確かにお店を回っていた中で、ユウリのことを彼氏と言ったり、デート中だと勘違いしていた人たちと出会ってきた。けれどテドンでも似たような経験をしてきたので、そこまで過敏になるほどのことではないと思うのだが……。
「別に嫌じゃないよ? それに、他の人にどう思われるかなんて、関係ないと思うけど」
「……」
いつも他人の目など気にしなさそうなユウリがそんなことを言うなんて、珍しかった。私の率直な意見にも、彼はあまり納得していないようだ。
「私はユウリとこうして一緒にお店を回れて、すごく楽しいよ?」
「!!」
思ったことをそのまま言っただけなのに、何故か意外そうに目を剥くユウリ。私はさらに言葉を続ける。
「そんなこと気にするくらいなら、お祭りをもっと楽しもうよ。だって、こうしてユウリとお祭りに参加できる時間なんて、今しかないんだからさ」
「……」
「それとも、ユウリはこういうの、好きじゃない?」
それなら無理につき合わせるのは悪いと思い、尋ねたのだが……。
「……別に嫌じゃない」
さっき私が言ったのと同じセリフで返され、思わず笑ってしまいそうになる。だが、どうやらユウリなりに笑いを取りに行ったわけではないようだ。その証拠に、私の顔色を窺うことなく目線をそらしたまま喋らない。
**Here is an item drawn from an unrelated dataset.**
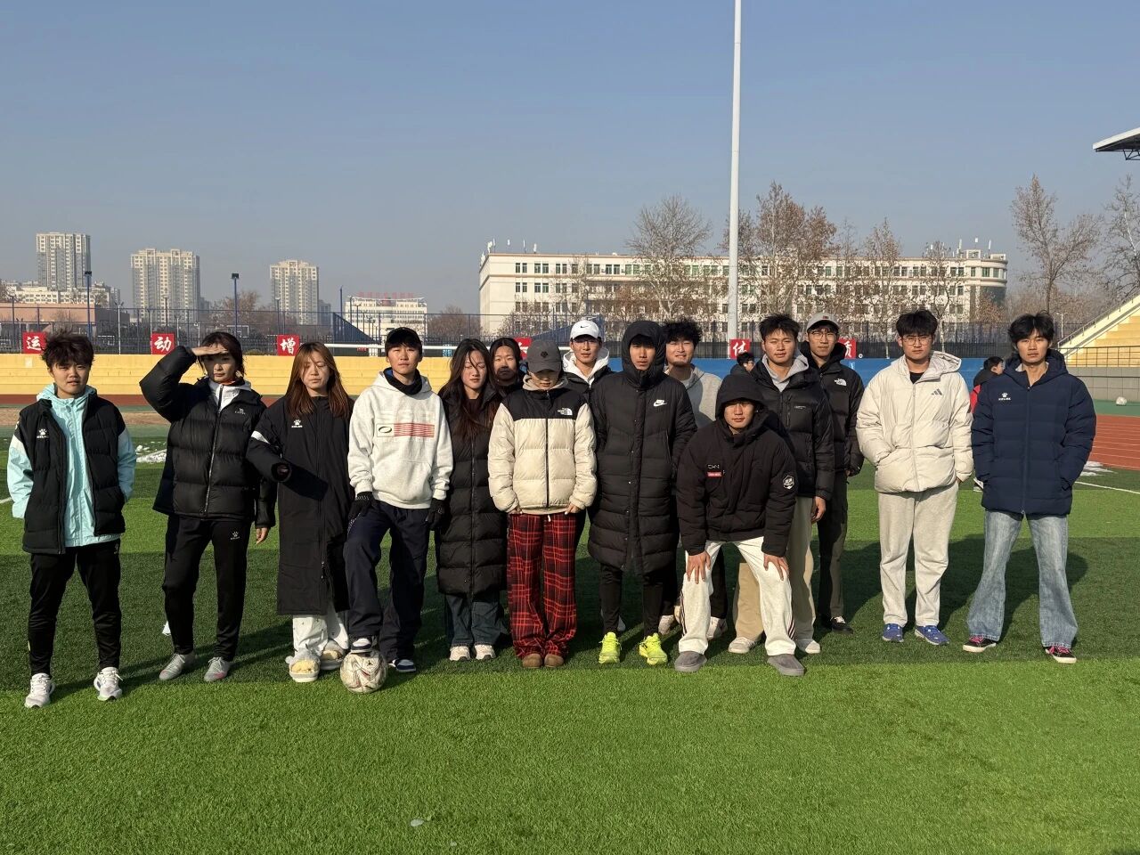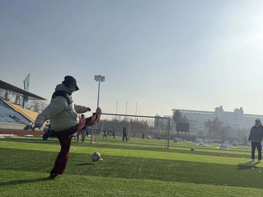 为增强学生体质,缓解学习压力,增强学生们的灵活性与方向感。聊城大学体育学院文体部于2025年12月14日在西校区南田径场举办“蒙眼足球大战”活动。

「な、なら他のお店も回ろうよ。まだ気になるお店がたくさんあるんだよね」
微妙な沈黙に耐えきれなくなった私は、自分から提案をした。それでも彼は、しばらく沈黙したあと、無言で小さく頷くのみ。
これってOKってことで、いいんだよね?
すると突然ユウリは私に背を向け、屋台の方へと歩き出した。
「あっ、待ってよ!」
後についていこうと思った矢先、彼は突然立ち止まり、ためらうようにこちらを振り向いた。
「……さっき言ってたことは、本当か?」
「さっきって?」
何の話かわからず、記憶の糸を辿っていくと、すぐに出てこない私の記憶力に呆れたのか、ユウリは小さくため息をついた。
「……なんでもない。行くぞ」
そう言うとユウリは、いつものように目的地もいわずにさっさと行く……と思いきや、彼は歩き出す前に私に手を差し伸べてきた。
普段ならこちらのことなど気にせず行ってしまうのだが、今日に限ってはなんだかいつもと違う。きっと私に気を遣っているのだろう。
そんな普段と違う姿のユウリと接することがなんだか嬉しくて、私は彼の気が変わらないうちにその手を取ったのだった。